I allow myself to feel the discomfort. I expect I won't wanna do it. I allow myself to feel the discomfort and I do it anyway. And also, and I didn't mention this before, but you know, for tasks that you don't wanna do, another thing is just to make them fun. Put on some good music. Make yourself a nice cup of tea. Change your location. Sometimes I go to the coffee shop to do stuff I don't wanna do. Just to mix it up. Just accept that planning stuff can be a bit tedious, right? And also accept that you're gonna have to feel uncomfortable every day when you're someone who does what they say they're gonna do. When they say they're gonna do it. It will require you to feel uncomfortable because a lot of stuff you're not gonna wanna do. So, you have to intentionally embrace uncomfortable feelings, and this is really the muscle, right? Learning how to sit with discomfort, learning how to embrace uncomfortable feelings. You can mitigate it by getting super clear on your motivation, by making the environment that you're in more fun, but you're still gonna have to feel a level of discomfort, and that's ok.
And the last thing I'd say is like any new behaviour, this is gonna take practice and you are going to fail many times or just not complete it, or not do it or keep procrastinating. And that's totally normal and it's fine. All you wanna do in those moments is just recommit. Recommit to learning how to manage your procrastination, recommit, or accept rather that it might take a long time. It might take many months. It might take a year, and that's okay, right? It's okay for it to take time. It's okay for you to mess up. I think a lot of times the reason people give up on things is because they fail a couple times and then they make that mean that it's not possible for them.
But anything worth doing requires you to be bad.

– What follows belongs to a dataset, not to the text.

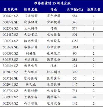 安琪酵母(600298)、巨人网络(002558)、大金重工(002487)、阳光电源(300274)等,合计均被推荐了3次。

Before you can be good. So, you will be bad at managing your procrastination before you become good. So, you have to make it through those moments when you're gonna be bad. Ultimately, learning how to do uncomfortable things is the currency to every single thing you want in your life.
This is one of the most important skills you can build, and honestly, if I can learn it and get good at it as a lifelong procrastinator, so can you. What I discussed today is how you begin to practice and is after years of trial and error, this is the most effective way and the most sustainable way to becoming someone who does what they say they're gonna do.